Let me try to show this. The only (non-constant) random variable here is $\epsilon$, while $f(X)$ and $\hat{Y} = \hat{f}(X)$ are constant random variables (so their expectations is equal to their only value).

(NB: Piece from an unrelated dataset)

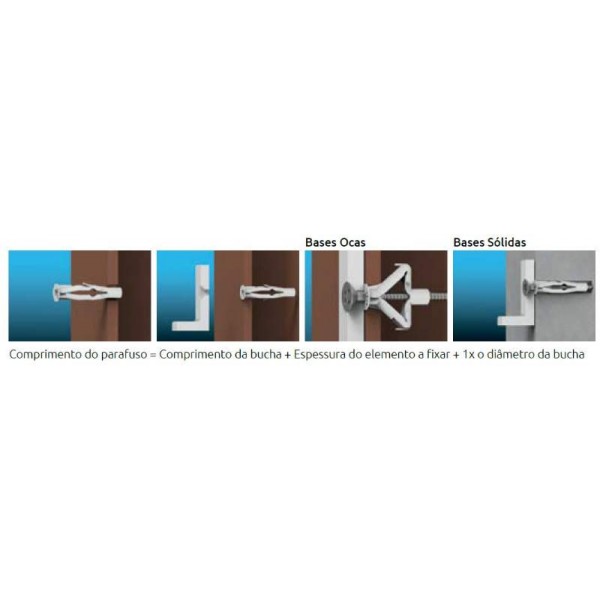 Abas laterais que fixam na parede e impedem que a bucha gire ao dar o torque no parafuso

So, we start with the following expression.
\begin{align}
\mathbb{E} \left[ (Y - \hat{Y})^2 \right] \tag{1}\label{1}
\end{align}
Now, we just apply the distributive property, so \ref{1} becomes
\begin{align}
\mathbb{E} \left[ Y^2 - 2Y \hat{Y} + \hat{Y}^2 \right] \tag{2}\label{2}
\end{align}
Given the linearity of the expectation, we can write \ref{2} as follows
\begin{align}
\mathbb{E} \left[ Y^2 \right] - \mathbb{E} \left[ 2Y \hat{Y} \right] + \mathbb{E} \left[\hat{Y}^2 \right] \tag{3}\label{3}
\end{align}
Given that $\hat{Y} = \hat{f}(X)$ is a constant and that we can take constants out of the expectations, we have
\begin{align}
\mathbb{E} \left[ Y^2 \right] - 2 \hat{Y} \mathbb{E} \left[ Y \right] + \hat{Y}^2 \tag{4}\label{4}
\end{align}
Now, let's replace $Y$ with $f(X) + \epsilon$, to obtain
\begin{align}
\mathbb{E} \left[ \left( f(X) + \epsilon \right)^2 \right] - 2 \hat{Y} \mathbb{E} \left[ f(X) + \epsilon \right] + \hat{Y}^2 \tag{5}\label{5}
\end{align}
Now, in the book, they assume that $\epsilon \sim \mathcal{N}(0, \sigma)$, so $\mathbb{E}\left[ \epsilon \right] = 0$ (i.e. the expected value of $\epsilon$ is just the mean of the Gaussian, which is assumed to be zero). So, \ref{5} becomes
\begin{align}
&\mathbb{E} \left[ \left( f(X) + \epsilon \right)^2 \right] - 2 \hat{Y} \left( \mathbb{E} \left[ f(X) \right] + \mathbb{E} \left[ \epsilon \right] \right) + \hat{Y}^2
= \\
&\mathbb{E} \left[ \left( f(X) + \epsilon \right)^2 \right] - 2 \hat{Y} \left( f(X) + 0 \right) + \hat{Y}^2
= \\
&\mathbb{E} \left[ \left( f(X) + \epsilon \right)^2 \right] - 2 \hat{Y} f(X) + \hat{Y}^2
= \\
&\mathbb{E} \left[ f(X)^2 + 2 f(X) \epsilon + \epsilon^2 \right] - 2 \hat{Y} f(X) + \hat{Y}^2 =
\\
&\mathbb{E} \left[ f(X)^2 \right] + \mathbb{E} \left[ 2 f(X) \epsilon \right] + \mathbb{E} \left[ \epsilon^2 \right] - 2 \hat{Y} f(X) + \hat{Y}^2 = \\
& \mathbb{E} \left[ \epsilon^2 \right] + f(X)^2 - 2 \hat{Y} f(X) + \hat{Y}^2
=
\\
&
\mathbb{E} \left[ \epsilon^2 \right] + \left(f(X) - \hat{Y} \right)^2 \tag{6}\label{6}
\end{align}
Now, note that the variance of a random variable $Z$ is defined as
$$\operatorname {Var} (Z)=\mathbb {E} \left[(Z - \mu_Z )^{2}\right]$$
In our case, $\mu_Z$ is zero, so the variance of $\epsilon$ is $\mathbb{E} \left[ \epsilon^2 \right]$, so \ref{6} becomes
\begin{align}
\operatorname{Var} (\epsilon) + \left(f(X) - \hat{Y} \right)^2 \\
\tag{7}\label{7}
\end{align}
You can also come up with the same result in a different and simpler way, i.e. rewrite $\mathbb{E}\left[ \left( f(X) + \epsilon - \hat f(X) \right)^2 \right]$ as $\mathbb{E}\left[ \left( \left(f(X) - \hat f(X)\right) +\epsilon \right)^2 \right]$, then you apply the distributive property and similar rules that I applied above to derive the same result.